The many dependent services (pictured in red) had no clue they were being called by a workflow engine - there was no difference to them - they just received HTTP requests from a client.

All of this meant that we could (in theory) replace our inner workings with a different workflow engine or abandon workflows all together and "just" replace it all with code instead. In practice our problems with Flowable were never that bad to justify the effort this would have taken.

Netflix Conductor

Disclaimer: I have not used Conductor in production - only for a home demo project.

At first I thought Netflix Conductor was a vast improvement on Flowable.

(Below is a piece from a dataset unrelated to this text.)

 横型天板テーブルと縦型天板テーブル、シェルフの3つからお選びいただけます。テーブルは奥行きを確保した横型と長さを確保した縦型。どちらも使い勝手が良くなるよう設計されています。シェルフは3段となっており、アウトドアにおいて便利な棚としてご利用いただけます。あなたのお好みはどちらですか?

You define workflows in simple YAML files which are easy to change manually and visualise in freely available tools. Flowable on the other hand uses very complicated XML files (it implements the mammoth BPMN spec) which are impossible to edit manually and hard using their UI.
Workflows are coordinated on a central server (or servers) which all scale horizontally thanks to not relying on a central RDBMS. It has built in support for Redis and Cassandra (relation databases can be used if you prefer) and also uses elasticsearch for "indexing the execution of flows".

Conductor seems to encourage a different approach to the above architecture whereby the services performing the tasks (workers) are not called, they instead contact a central orchestration service and poll for work (tasks) to complete.

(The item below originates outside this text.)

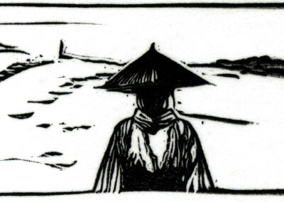 Sa rencontre avec la linogravure naît au fil de ses voyages au Japon. Inspiré par la force graphique et poétique des estampes traditionnelles, il explore cette technique en puisant dans ses propres photographies et souvenirs de voyage. Peu à peu, il construit une pratique personnelle centrée sur la gravure détaillée et l’impression manuelle sur papier de mûrier.

The diagram below was created based on my high level understanding of what talks to what.

Clients invoke workflows on the conductor server. They can do this by using the Conductor client or sending http requests to the server. Either way the client needs to have knowledge of conductor and the workflow they want to invoke.
The services (workers) poll the server for tasks to see if there are any to run. If there are, it runs them and replies with the result.
The output is then passed to the next worker

Reasons I dislike this

All services involved in the workflow are coupled to Conductor

Many services will now depend on Netflix Conductor libraries. In the above diagram, workers one and two will have to depend on the conductor-client library to call the server for tasks. This is a small library to import but I'd still argue this means it's a big choice to choose Conductor as it will take some work in a lot of services (possibly other teams) if you decide it's the wrong idea. It's also worth pointing out that at time of writing, the latest version 3.15 imports a rather old version of jersey-client from 2017 which caused me some real headaches when creating my demo app!

Dependencies seem the wrong way around

I'd describe the "Workers" in the above diagram as servers and the tasks on the workflow as the client. Why should a server know details of its client? In other words, why would a server know what tasks it executes on a workflow. This feels the wrong way round to me.

How do you test this?

I spent a lot of time googling end to end tests for Netflix Conductor workflows. I couldn't find anyone who had done this and I begin to think it might be because it's too complex or perhaps argued that it falls into the category of end to end environment testing which is not advocated for by many people. Going back to our Flowable based system, the endpoints (which invoked workflows) could be tested with mocked dependencies relatively easily and give us a high degree of confidence that the workflows actually worked.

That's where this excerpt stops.